Segment Start: Given records

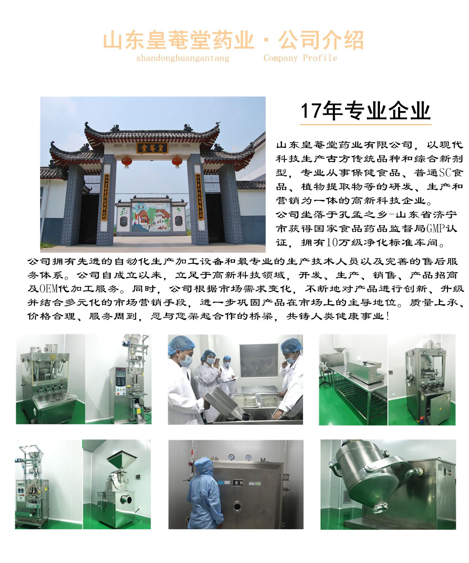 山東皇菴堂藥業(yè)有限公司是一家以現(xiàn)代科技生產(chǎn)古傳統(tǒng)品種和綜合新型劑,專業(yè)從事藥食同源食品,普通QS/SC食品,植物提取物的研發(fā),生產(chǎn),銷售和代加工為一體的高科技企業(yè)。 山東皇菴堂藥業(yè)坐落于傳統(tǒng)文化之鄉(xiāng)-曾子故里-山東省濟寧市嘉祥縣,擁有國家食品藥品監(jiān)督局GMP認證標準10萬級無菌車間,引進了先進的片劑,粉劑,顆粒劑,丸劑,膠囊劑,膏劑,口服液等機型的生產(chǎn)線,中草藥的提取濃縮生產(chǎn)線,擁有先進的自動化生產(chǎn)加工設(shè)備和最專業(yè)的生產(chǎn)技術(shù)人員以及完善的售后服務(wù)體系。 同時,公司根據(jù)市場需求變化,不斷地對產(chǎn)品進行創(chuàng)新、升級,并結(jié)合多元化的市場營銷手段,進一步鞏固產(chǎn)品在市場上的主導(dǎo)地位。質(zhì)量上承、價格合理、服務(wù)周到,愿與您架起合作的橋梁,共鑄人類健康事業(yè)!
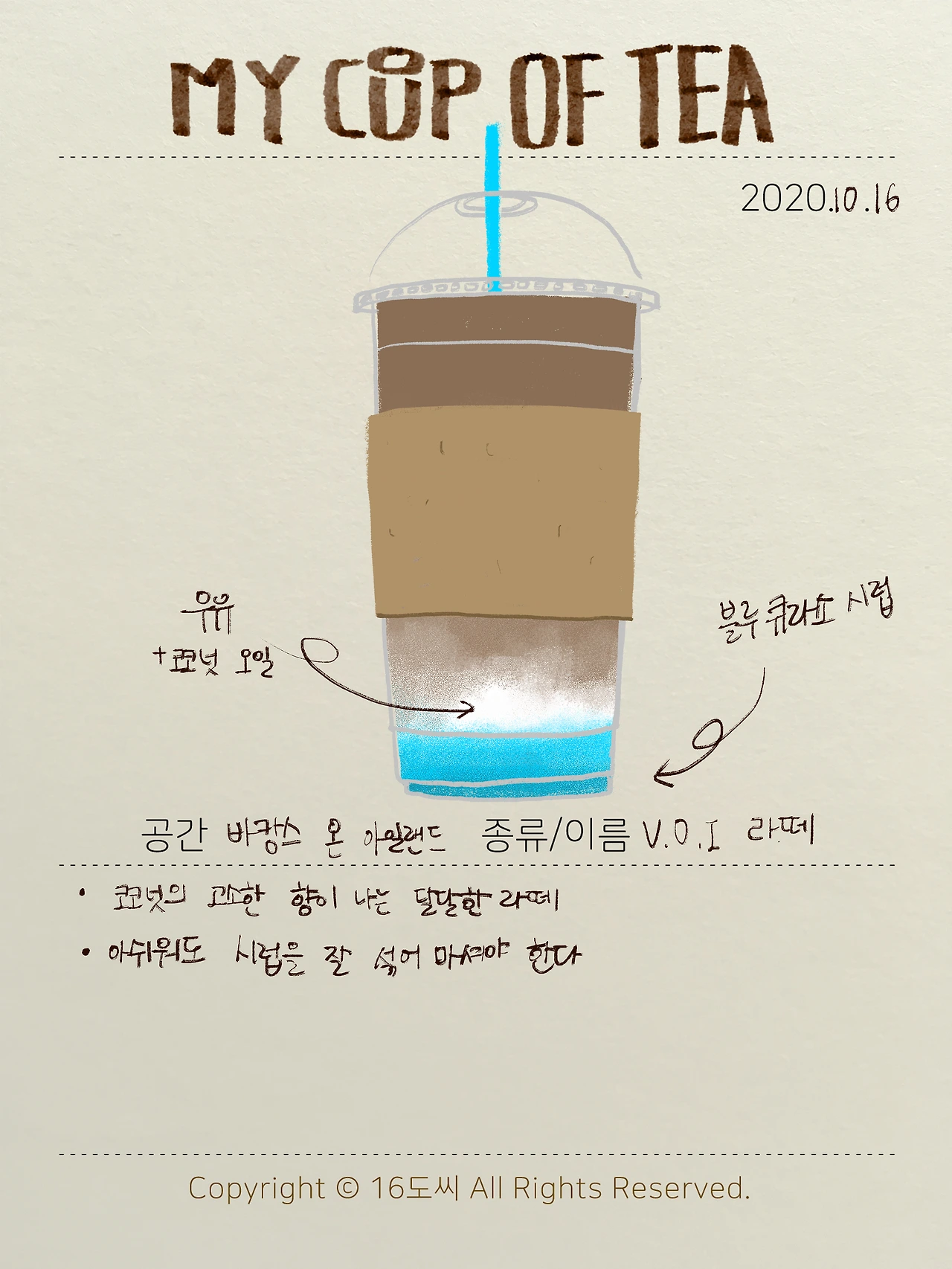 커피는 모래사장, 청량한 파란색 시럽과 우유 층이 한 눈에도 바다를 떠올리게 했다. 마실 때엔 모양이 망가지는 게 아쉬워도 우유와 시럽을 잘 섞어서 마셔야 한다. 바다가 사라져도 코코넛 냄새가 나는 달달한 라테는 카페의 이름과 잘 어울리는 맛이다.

Segment End: Given records
Segment Start: Given records

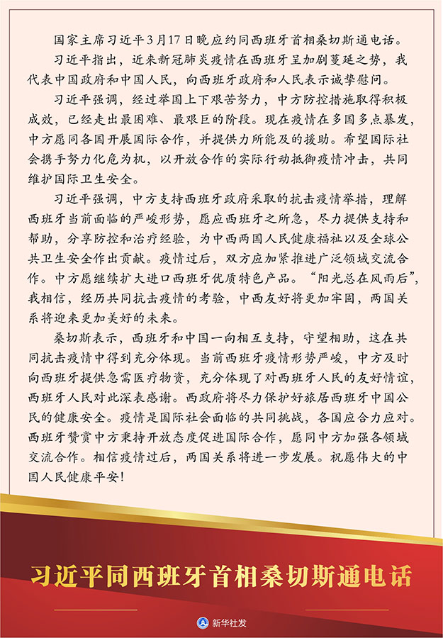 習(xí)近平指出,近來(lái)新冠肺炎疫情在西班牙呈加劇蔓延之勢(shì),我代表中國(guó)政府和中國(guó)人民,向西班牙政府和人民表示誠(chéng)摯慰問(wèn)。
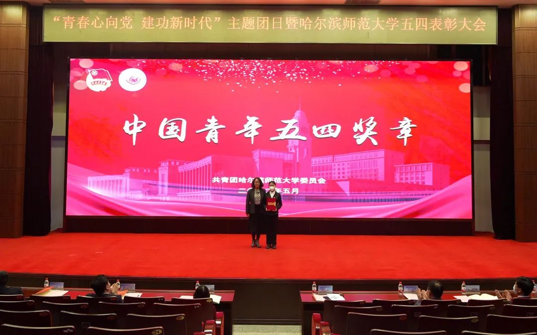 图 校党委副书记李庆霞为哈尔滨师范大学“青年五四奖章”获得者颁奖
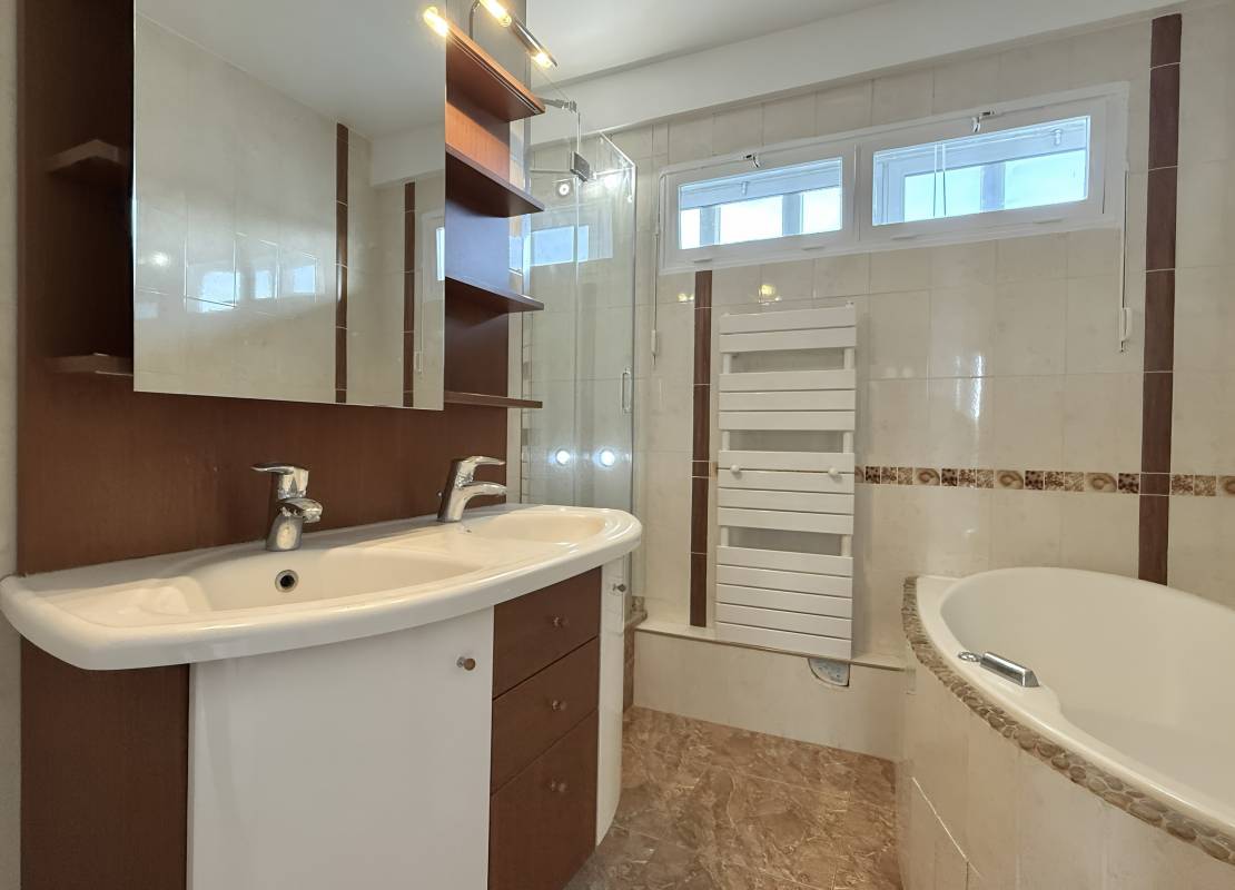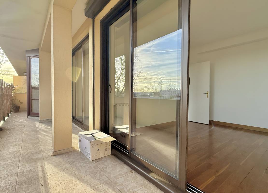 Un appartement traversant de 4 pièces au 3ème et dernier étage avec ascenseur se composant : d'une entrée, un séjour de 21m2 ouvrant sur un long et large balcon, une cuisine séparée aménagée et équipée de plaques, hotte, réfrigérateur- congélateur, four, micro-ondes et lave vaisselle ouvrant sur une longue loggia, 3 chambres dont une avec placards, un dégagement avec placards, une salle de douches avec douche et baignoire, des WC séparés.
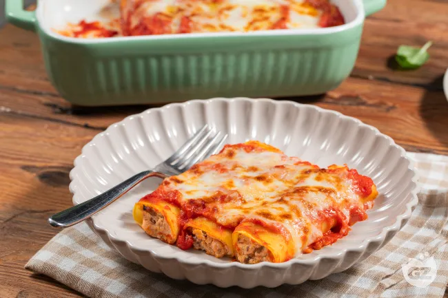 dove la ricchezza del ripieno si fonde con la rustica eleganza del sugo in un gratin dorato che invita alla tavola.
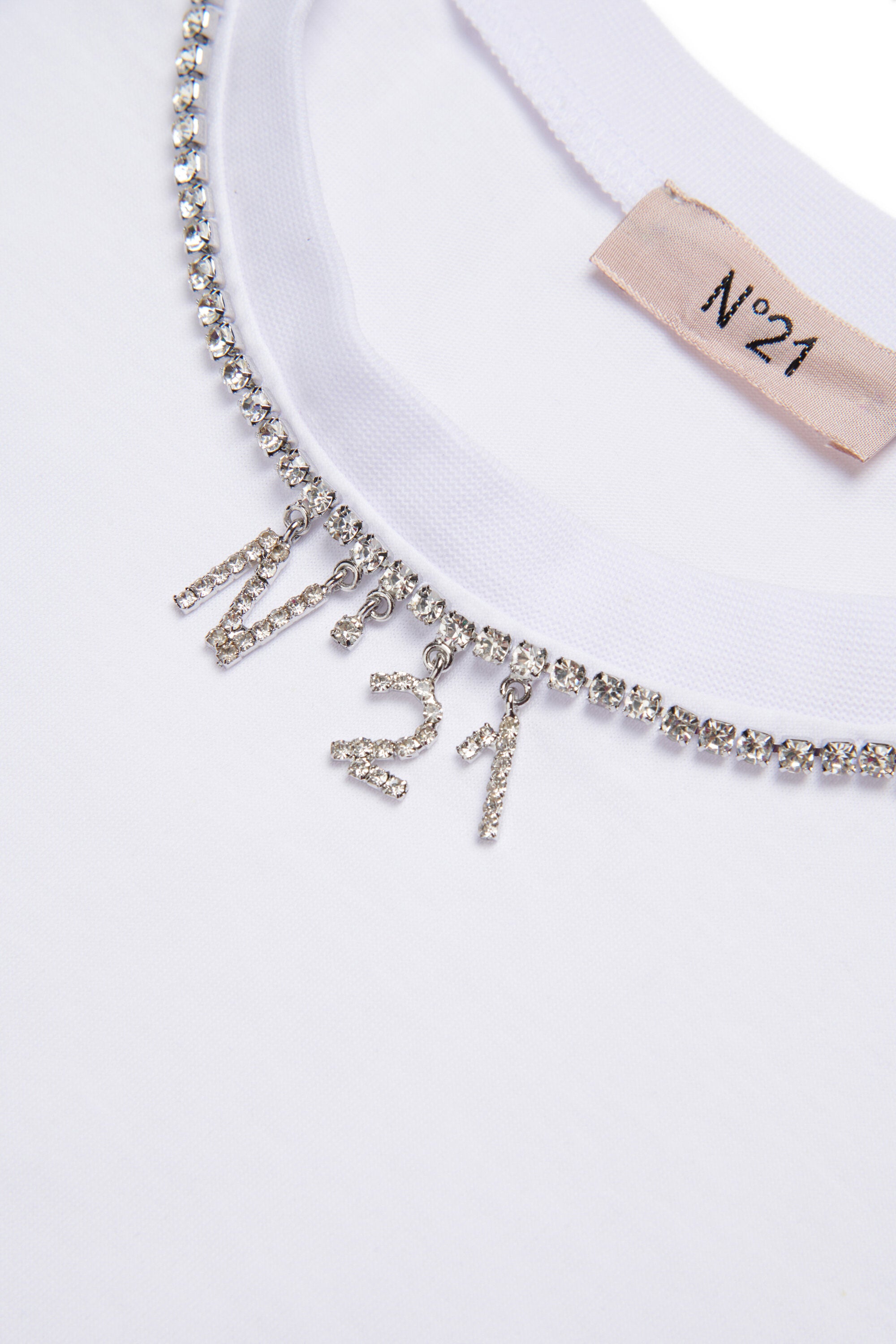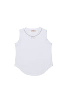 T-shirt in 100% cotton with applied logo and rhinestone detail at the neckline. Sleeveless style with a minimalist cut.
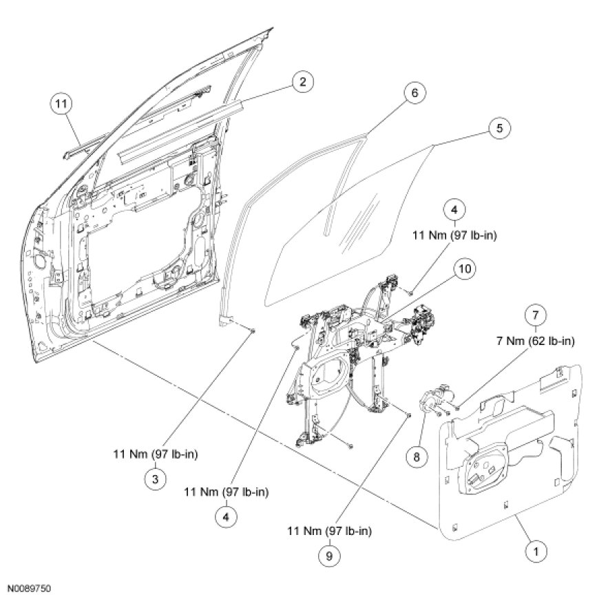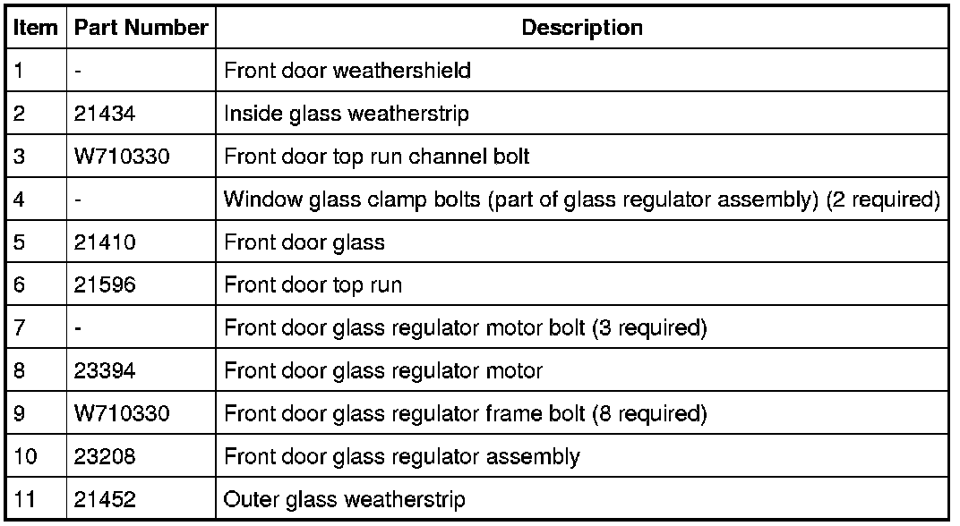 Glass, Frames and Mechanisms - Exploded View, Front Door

Segment End: Given records

[Task directions] What's needed is an exact copy of the lines above from the one with "T-shirt in 100%" through the one with "Glass, Frames and", both included; the pictures stay out.

[Response box]
 T-shirt in 100% cotton with applied logo and rhinestone detail at the neckline. Sleeveless style with a minimalist cut.
 Glass, Frames and Mechanisms - Exploded View, Front Door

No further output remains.